Вилли смотрел на Леду и не мог вымолвить ни слова. «П…у? Неужели я услышал, что Леда Россингтон сказала „п…а“? Кто бы мог подумать, что она может такое произнести?» А второй мыслью Вилли было: «Все не так, как ты думаешь, Леда. Не моя вина… во всем виновата Хейди… А она себя великолепно чувствует, вся в розовом и голубом.»
Тут лицо Леды изменилось. Она посмотрела на Халлека с вежливо-безучастным выражением.
— Заходи, — сказала она.
* * *Леда принесла ему мартини, который он попросил, в огромном бокале — две оливки и две крошечные луковички были нанизаны на коктейльную палочку, сделанную в форме крошечного позолоченного меча. А может, и целиком из золота? Мартини оказался очень крепким, но против этого Халлек не возражал… хотя по опыту трех последних недель знал, что окажется в заднице, если станет слишком налегать. Его способность много выпить таяла вместе с его весом.

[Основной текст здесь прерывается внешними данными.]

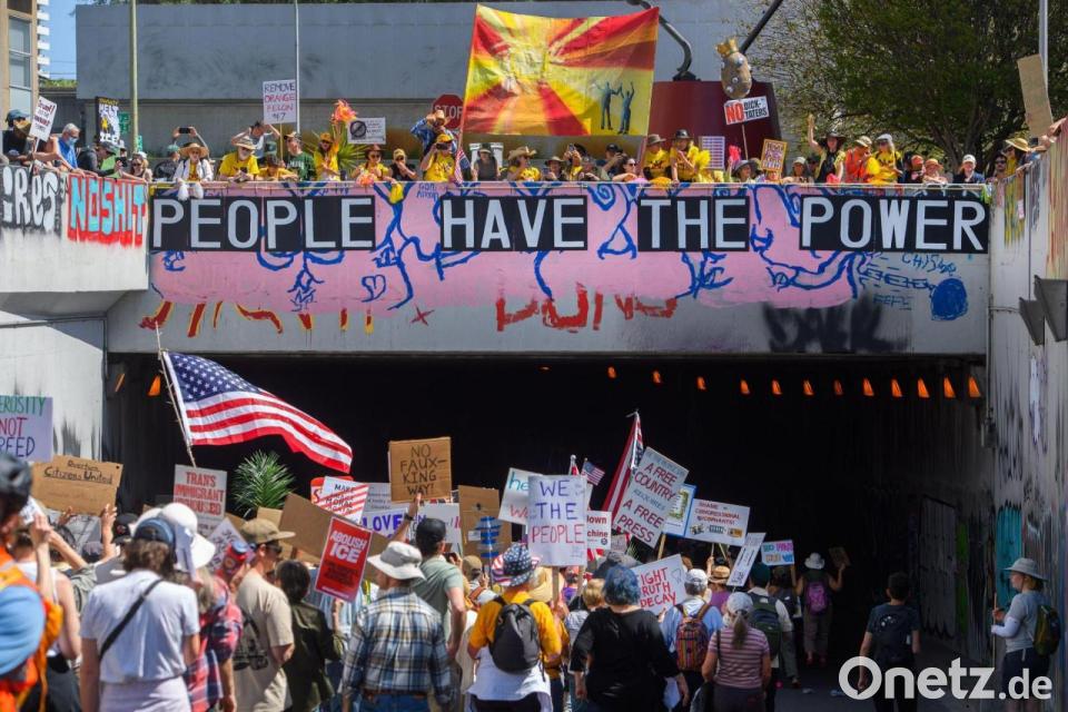 Demonstranten marschieren während des "No Kings"-Protestes in Oakland, Kalifornien.

Все же для начала он сделал большой глоток и благодарно закатил глаза, когда напиток разлил тепло по желудку. «Джин. Чудный, высококалорийный джин», — подумал он.
— Гари действительно в Миннесоте, — глухо заговорила Леда, опускаясь в кресло. В руках у нее тоже был бокал с еще большей порцией. — Только он не родственников навещает. Он в клинике Майо.
— В клинике?
— Он решил, что у него рак, — продолжала она.
— Майкл Хьюстон не смог определить, какого рода это заболевание, как и городской дерматолог, но он все еще убежден, что это рак. Сперва он вообразил, что это лишай, решил, что я заразила его лишаем.
Вилли, смутившись, опустил глаза, но на самом деле в этом не было необходимости. Леда глядела поверх его головы, словно рассказывала свою историю стене. То и дело она отпивала мелкими глотками жидкость из своего бокала. Уровень жидкости медленно, но неуклонно понижался.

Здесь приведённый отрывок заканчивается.